_Exercise details_. Please make an exact transcription of the records, keeping the pictures out of it.
*-*-*
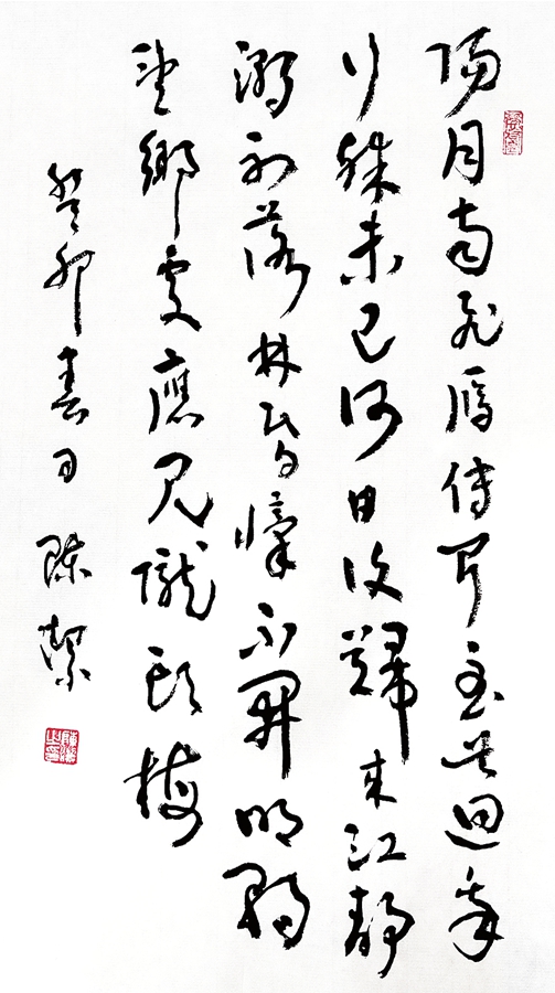 “書法既要有深厚的古文化功底,又要有胸襟、膽略、氣勢(shì)與激情,缺一不可,缺少任何一個(gè)都有可能使創(chuàng)作出的作品缺乏氣勢(shì)與力度,一幅好的作品更高的要求是把握氣韻,必須一氣呵成。”陳潔告訴記者,學(xué)習(xí)書法不能只學(xué)習(xí)書寫的形,更重要的是書法的“神”,得其神韻方為真。
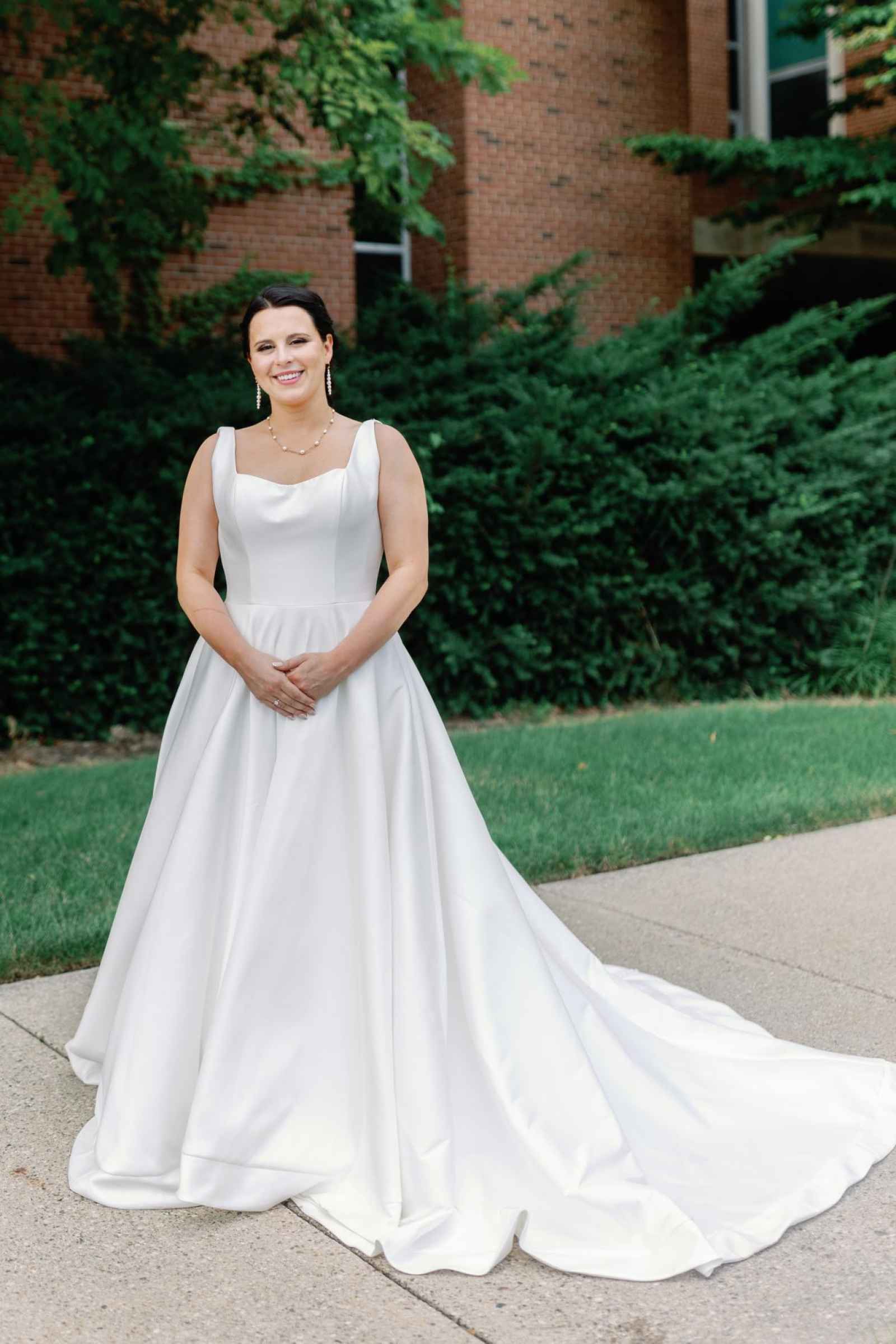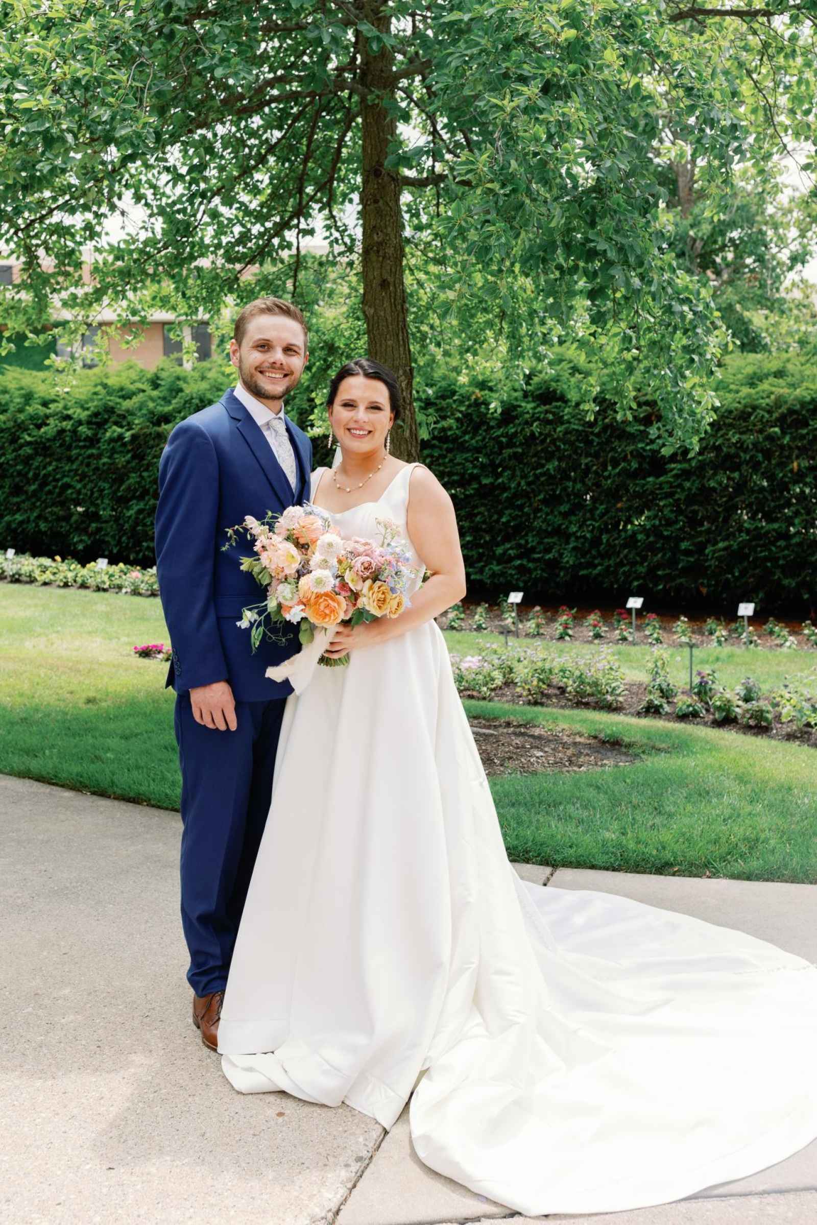 Kim looked absolutely stunning in her Justin Alexander gown from Becker's Bridal! We love how the timeless satin design contrasted with their whimsical, garden celebration.
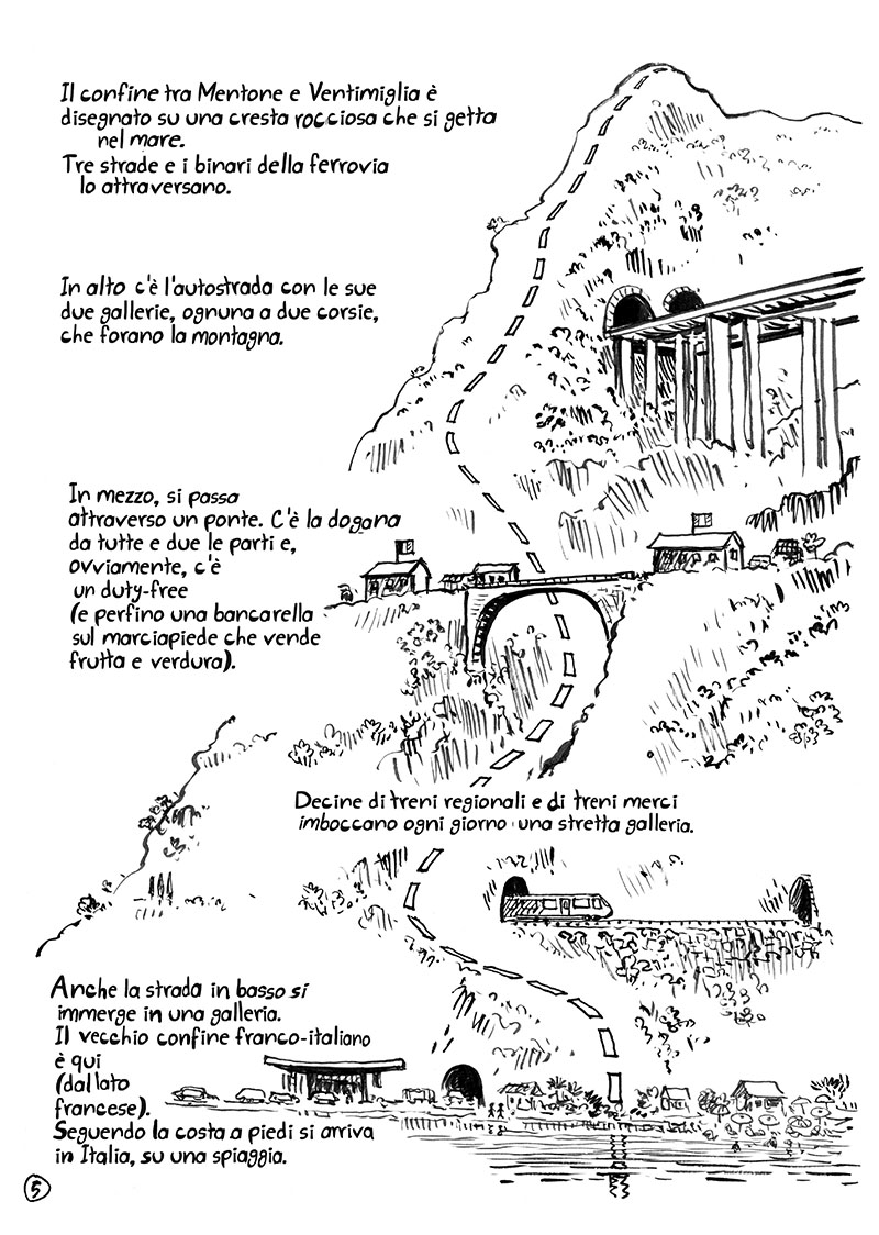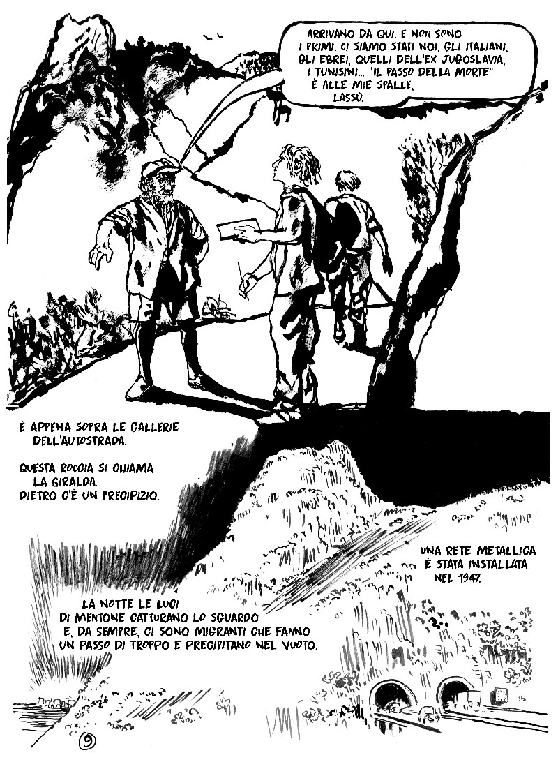 Un libro di grande attualità, e di aperto sentimento solidale. Un tema che ci tocca oggi, italiani ed europei e di cui si parla molto. Il racconto, un sincero reportage scritto e disegnato durante il percorso, di quella linea inventata dall’uomo, che è il confine, e quella naturale, fatta d’acqua, il Roja.
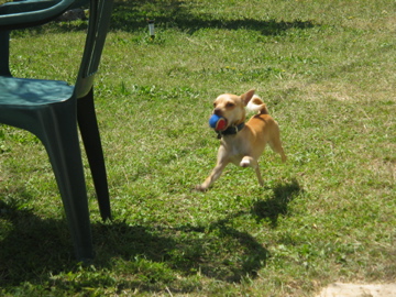 ↑ボールで遊ぶギズモ。おもちゃ大スキ!
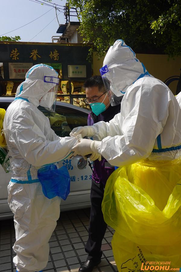 臘八節(jié)剛過,深圳帶著些許涼意,卻也是艷陽高照。“同志們,相互檢查一下手腕腳腕有沒有貼好!穿戴整齊后準(zhǔn)備集結(jié)出發(fā)啦!”在封控區(qū)外圍的醫(yī)護(hù)人員整備區(qū),一群身穿防護(hù)服、全副“武”裝的工作人員整裝待發(fā),兩人一組,目光堅(jiān)定,向著封控區(qū)的入口走去。
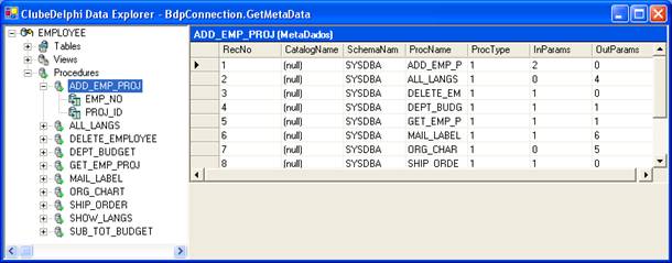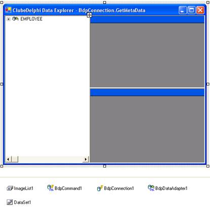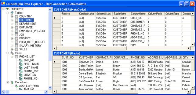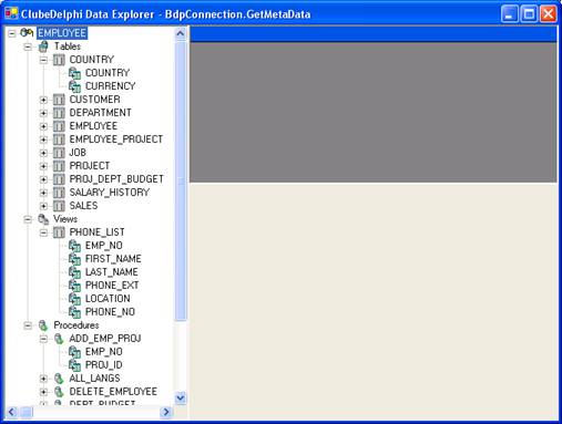 O que faremos agora é uma aplicação semelhante ao Data Explorer da IDE (BDS), que permitirá ao usuário explorar os objetos do banco de dados Employee dos demos do Interbase.
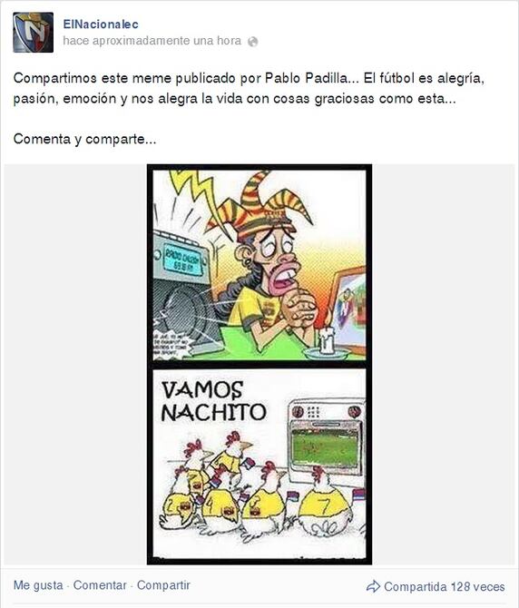 El Club Deportivo El Nacional publicó en su cuenta de Facebook un meme en el que se burla del Barcelona Sporting Club.
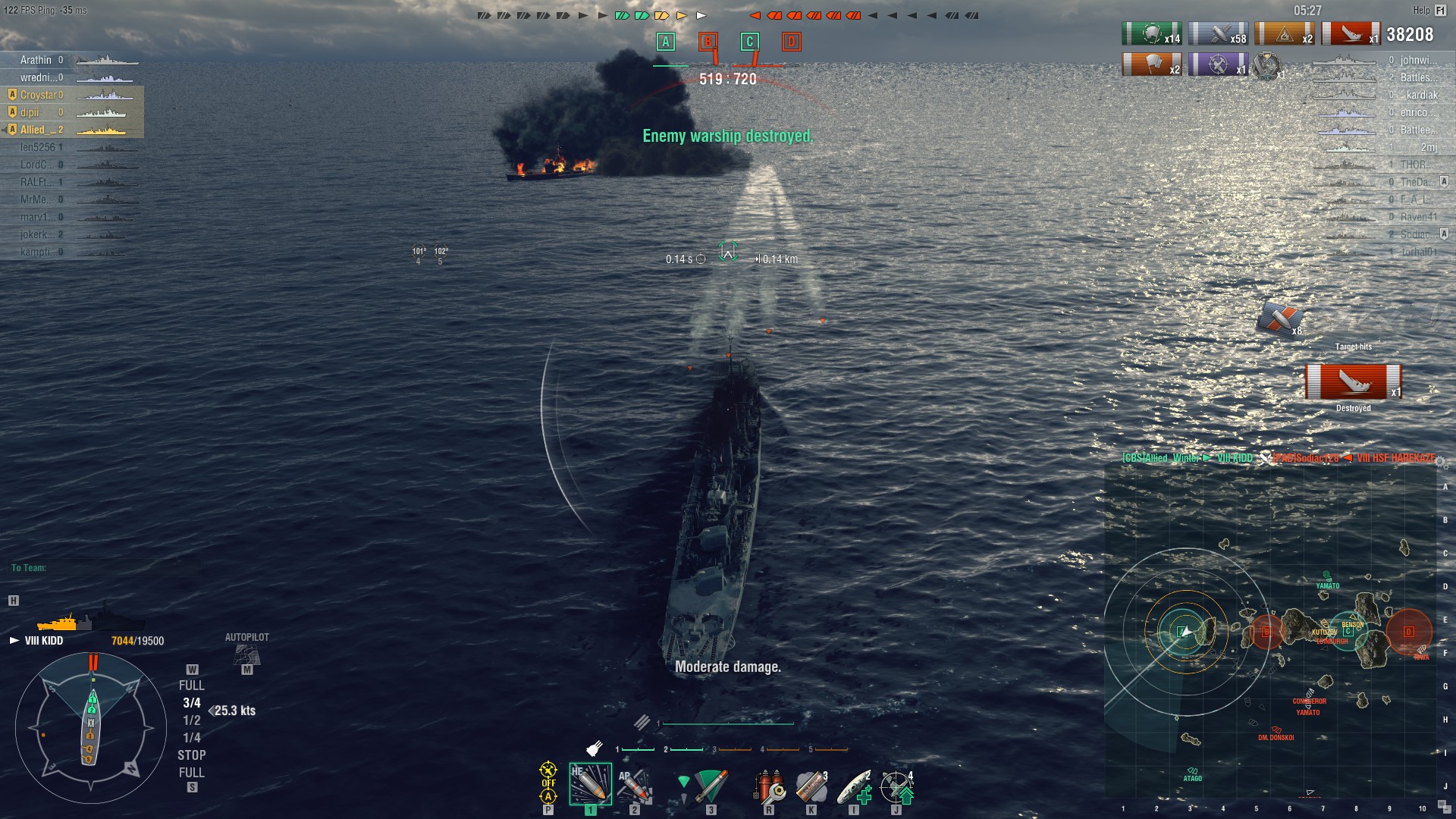 Natürlich muss man wie immer aufpassen, auch gerade gegen gute Hydro DD Spieler und wie immer alle möglichen Radarschiffe und spotting durch Flieger usw. , nur würde ich in dieser Situation lieber in der Kidd, als in der T61 sitzen.
*-*-*
_Written answer_.
 “書法既要有深厚的古文化功底,又要有胸襟、膽略、氣勢(shì)與激情,缺一不可,缺少任何一個(gè)都有可能使創(chuàng)作出的作品缺乏氣勢(shì)與力度,一幅好的作品更高的要求是把握氣韻,必須一氣呵成。”陳潔告訴記者,學(xué)習(xí)書法不能只學(xué)習(xí)書寫的形,更重要的是書法的“神”,得其神韻方為真。
 Kim looked absolutely stunning in her Justin Alexander gown from Becker's Bridal! We love how the timeless satin design contrasted with their whimsical, garden celebration.
 Un libro di grande attualità, e di aperto sentimento solidale. Un tema che ci tocca oggi, italiani ed europei e di cui si parla molto. Il racconto, un sincero reportage scritto e disegnato durante il percorso, di quella linea inventata dall’uomo, che è il confine, e quella naturale, fatta d’acqua, il Roja.
 ↑ボールで遊ぶギズモ。おもちゃ大スキ!
 臘八節(jié)剛過,深圳帶著些許涼意,卻也是艷陽高照。“同志們,相互檢查一下手腕腳腕有沒有貼好!穿戴整齊后準(zhǔn)備集結(jié)出發(fā)啦!”在封控區(qū)外圍的醫(yī)護(hù)人員整備區(qū),一群身穿防護(hù)服、全副“武”裝的工作人員整裝待發(fā),兩人一組,目光堅(jiān)定,向著封控區(qū)的入口走去。
 O que faremos agora é uma aplicação semelhante ao Data Explorer da IDE (BDS), que permitirá ao usuário explorar os objetos do banco de dados Employee dos demos do Interbase.
 El Club Deportivo El Nacional publicó en su cuenta de Facebook un meme en el que se burla del Barcelona Sporting Club.
 Natürlich muss man wie immer aufpassen, auch gerade gegen gute Hydro DD Spieler und wie immer alle möglichen Radarschiffe und spotting durch Flieger usw. , nur würde ich in dieser Situation lieber in der Kidd, als in der T61 sitzen.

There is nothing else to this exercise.